Eingliederungszuschuss bei bestehender Arbeitsunfähigkeit?

von
Erwin

Hallo,

ich bin seit Januar dauerhaft AU, habe ein ungekündigtes Arbeitsverhältnis und habe vor kurzem eine Reha bekommen. Aus dieser Reha wurde ich unter 3 Stunden arbeitsfähig im alten Beruf entlassen, wörtlich "innerhalb der nächsten 26 Wochen keine Arbeitsfähigkeit" plus schlechter Prognose.
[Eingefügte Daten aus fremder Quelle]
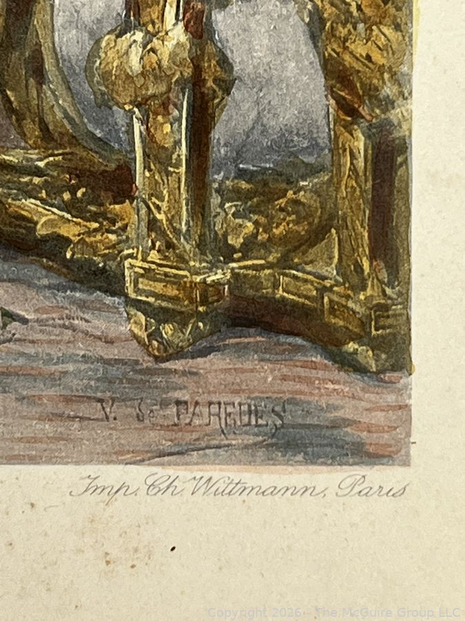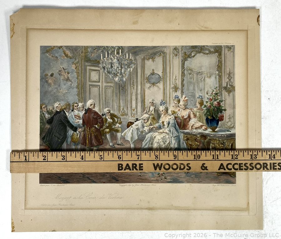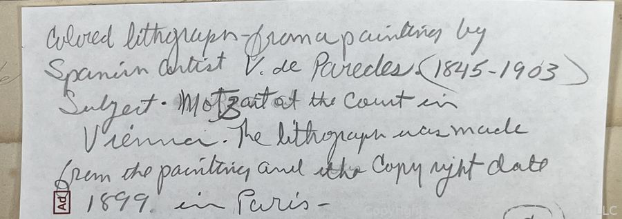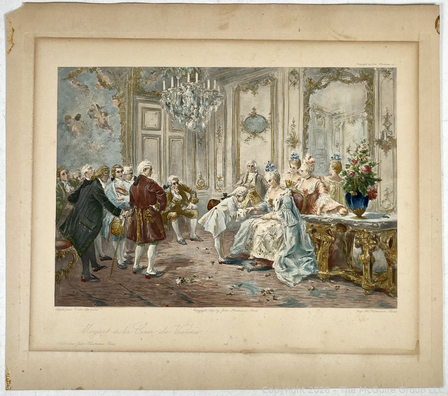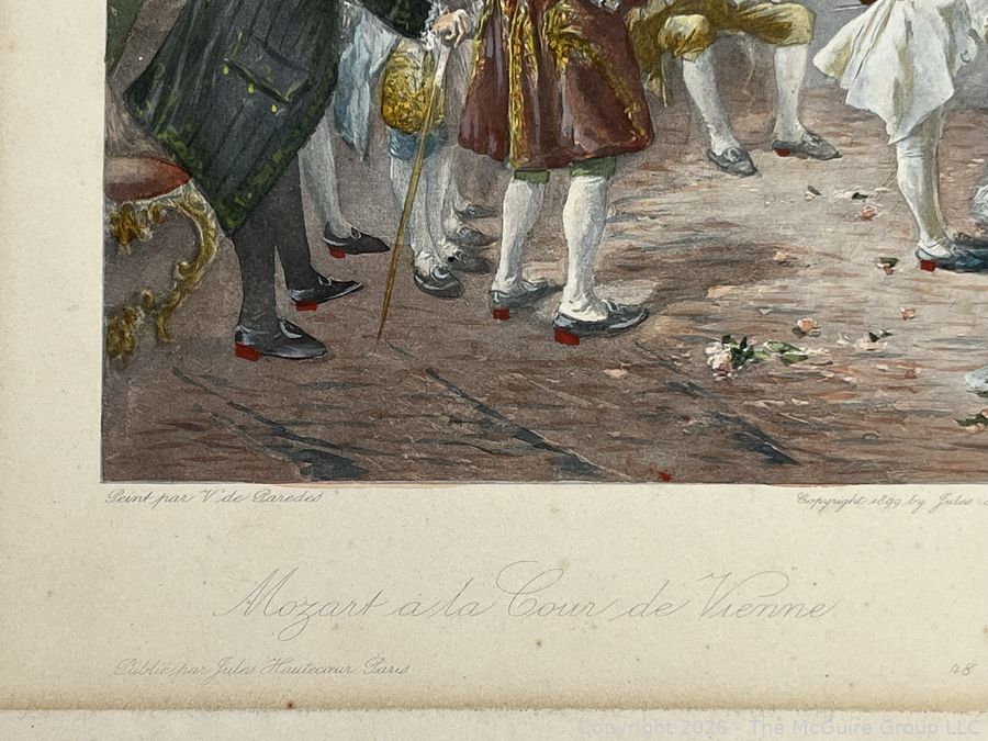 Lot #0304CS: 1899 Colored Lithograph of Mozart at the Court in Vienna. Painting by Spanish Artist V de Pareches (1845-1903)

Hatte nun im Anschluss mein Rehaberatungsgespräch und dort wurde mir vom Berater gesagt, dass die DRV mir momentan aufgrund meiner AU nichts anbieten könne. Ich würde wegen dem Bericht noch Zeit brauche und zwar mehr als 1 Jahr. Er hat geschmunzelt und mich gefragt, wie lange ich noch Anspruch auf Krankengeld habe. Dann hat er mir gesagt, ich solle mich in einem Jahr wieder melden. Ich würde einen Bescheid darüber bekommen. Außerdem hat er mir ein paar Flyer zum Thema Integrationsmaßnahmen, Fortbildungen und Umschulungen mitgegeben. Die solle ich im nächsten Jahr nicht wegwerfen und ein bisschen studieren.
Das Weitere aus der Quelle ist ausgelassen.